An improving, vaccine-driven economic outlook since then, plus the Federal Reserve’s recent green light for financial firms to increase shareholder returns, could nudge management in that direction.

Several consumer-focused firms make the screen: Best Buy (BBY), Kroger (KR), Tyson Foods (TSN), Lowe’s (LOW), and Target (TGT). Cheaper-than-average valuations abound among retailers, and the backdrop is certainly looking up for the group. All five of those companies are expected to deliver at least 45% more free cash flow in 2021 than in 2019, which could be returned to shareholders.

Tyson Foods has the highest dividend yield of the consumer-focused group, at 5.2%, while Best Buy has the cheapest valuation, with a free cash flow yield of 18.5%. Lowe’s has been the most aggressive in its shareholder returns: It bought back more than $3 billion of its stock in 2019 and has a dividend payout that amounts to 65.6% of its free cash flow.

A handful of health-care names are on the list. Cigna (CI), with its 4-cent annual dividend payment, is hardly an attractive yield play. And free cash flow is expected to be just a sliver higher in 2021 than in 2019. But the insurer has a history of buying back plenty of stock.
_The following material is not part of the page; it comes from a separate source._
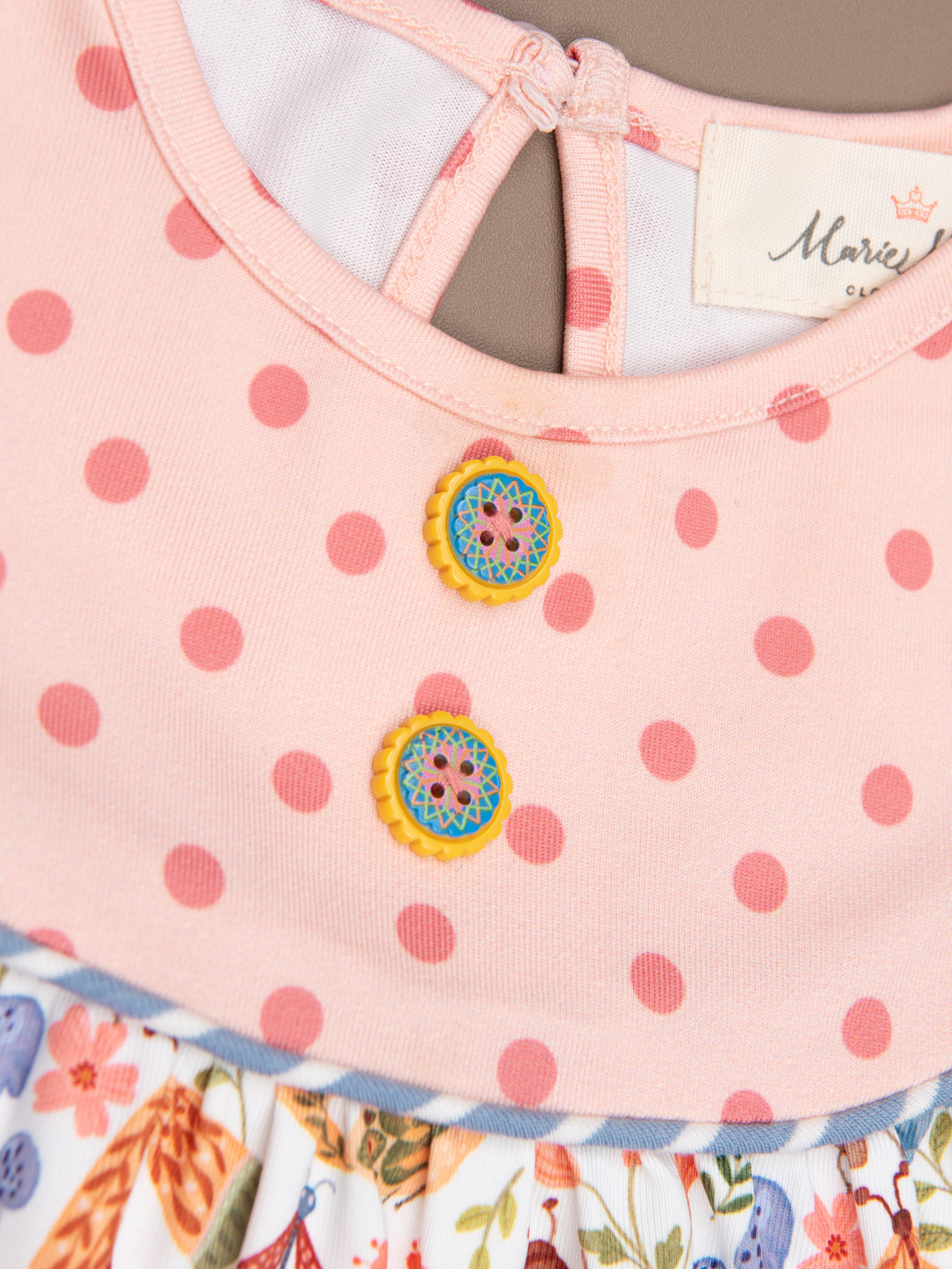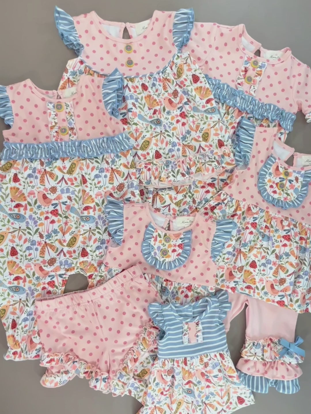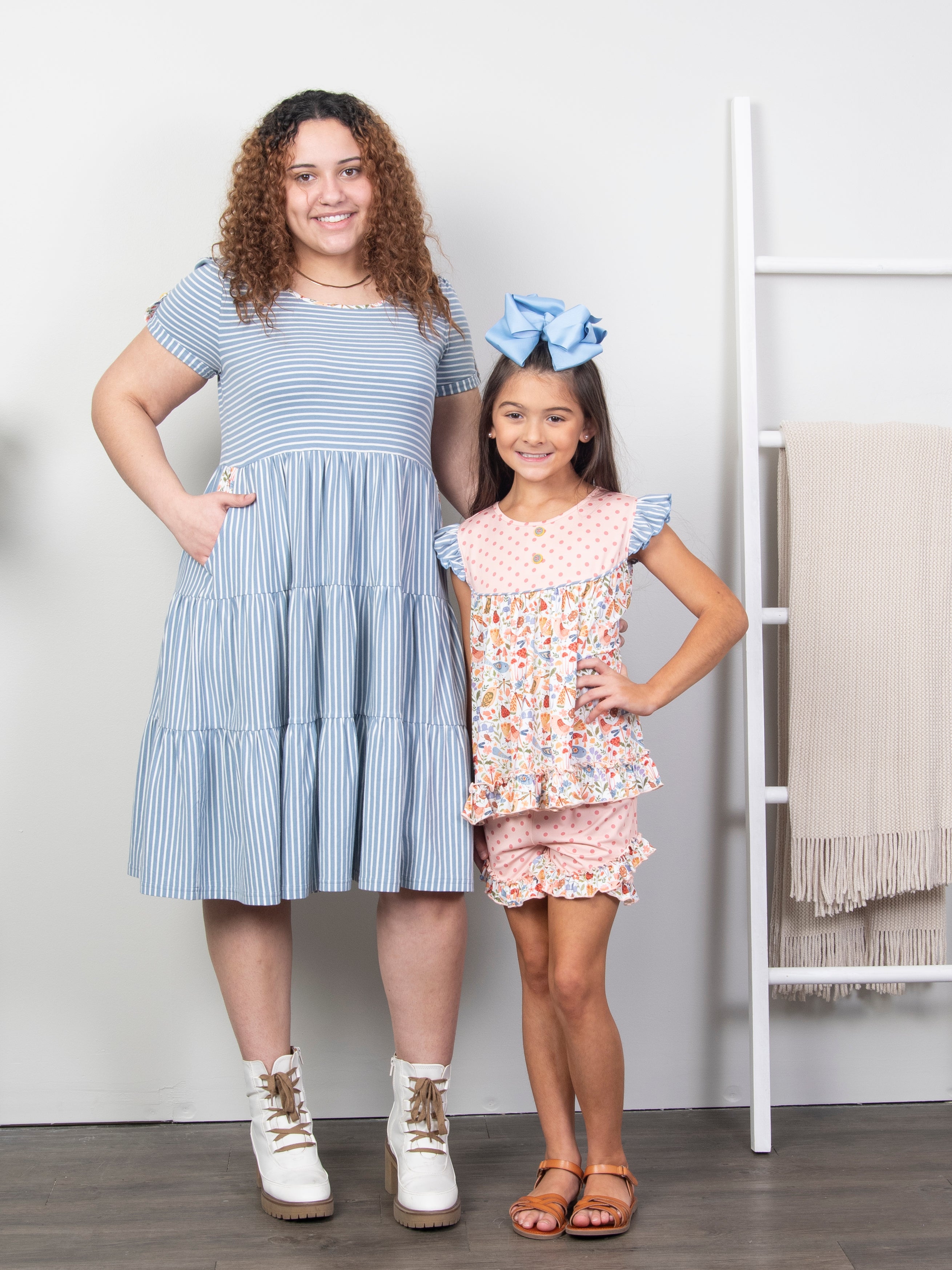 Springtime is just around the corner & this MNC exclusive collection is a MUST-HAVE this season! This high-quality collection has the softest material & is made to grow with your little one! This tunic features our Tennessee Garden print, polka dots, striped ruffle trim, detailed decorative buttons, & a keyhole at the nape of the neck.

Bristol Myers Squibb (BMY) and Quest Diagnostics (DGX) each trade for around a 8.5% free cash flow yield, and have dividend yields above the S&P 500 average. Quest’s free cash flow generation is expected to be more than 50% higher in 2021 than in 2019, while Bristol Myers Squibb’s could more than double. The drugmaker has been the more vigorous repurchaser of its shares, spending more than $6 billion in 2019.

Rounding out the screen are electric utility NRG Energy (NRG), home builder Lennar (LEN), money-transfer service Western Union (WU), and government IT contractor Leidos Holdings (LDOS).